Sakhnin is close to Saffuriyya, the Palestinian town displaced in 1948, and whose residents who sought refuge in Syria and Lebanon, then to European countries, are famous for eating "mulukhiya". In the town's treats, it is reported that the people of Saffuriyya drink molokhiya in cups for their fondness.

Besides white and green, vegetable soup or freekeh makes an essential ingredient on the Ramadan table.

But in the tradition, Umm Ali from Ramallah says, "Grandmothers and mothers used to serve soup made of healthy lentils, so that we would remain in our full health from the first to the last day of Ramadan."

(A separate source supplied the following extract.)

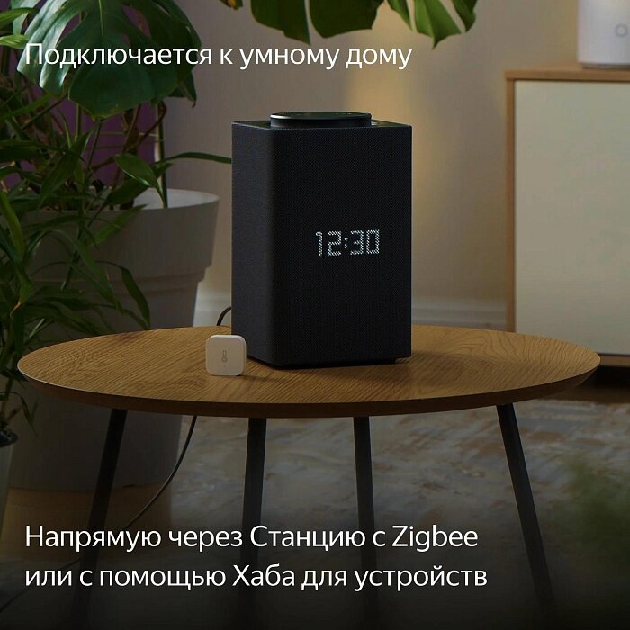 Для комфортного и здорового микроклимата. Измеряет температуру и влажность в комнате и включает устройства умного дома, когда нужно. Беспроводной компактный датчик легко установить практически где угодно. Свяжите датчик с разными устройствами и создавайте сценарии в приложении Дом с Алисой. Например, можно объединить датчик с умным кондиционером и увлажнителем. И настроить сценарий их автоматического запуска, если в комнате станет слишком жарко и сухо. А можно задать значение температуры, при котором дома будет включаться обогреватель. В приложении легко в любой момент проверить статистику и показания датчика. А если связать его со Станцией, достаточно будет просто спросить, например: Алиса, какая температура в детской?. Для подключения датчика к Умному дому с Алисой нужна Станция, поддерживающая протокол Zigbee. Если ваша Станция без Zigbee, для подключения вам понадобится Хаб Яндекса для устройств.

In the refugee camps in the West Bank, some families start the month of Ramadan with grape leaves, mahshi, or upside down (communication sites)

In the camp .. is

In the refugee camps in the West Bank, we find different patterns. As Fida Abu Hakima, the owner of a home restaurant in Jalazoun camp (north of Ramallah), told Al-Jazeera Net, “People in the camps came from separate areas and carried different dishes, so some families may start the month of Ramadan with grape leaves and stuffing. Or al-Maqluba, and another that begins with maftoul if the weather is cold, because the dish (white and green) is known in cities and villages more than in the camps. "

Abu Hakima, whose family was displaced from the village of Annaba near Ramla in the Nakba of 1948, says that her relatives brought with them Maftoul eaters "granules made of flour and crushed wheat and cooked with meat or chicken", while her neighbors brought refugees from the Lod region, a dish of dried milk with bulgur. The romania dish is cooked with lentils.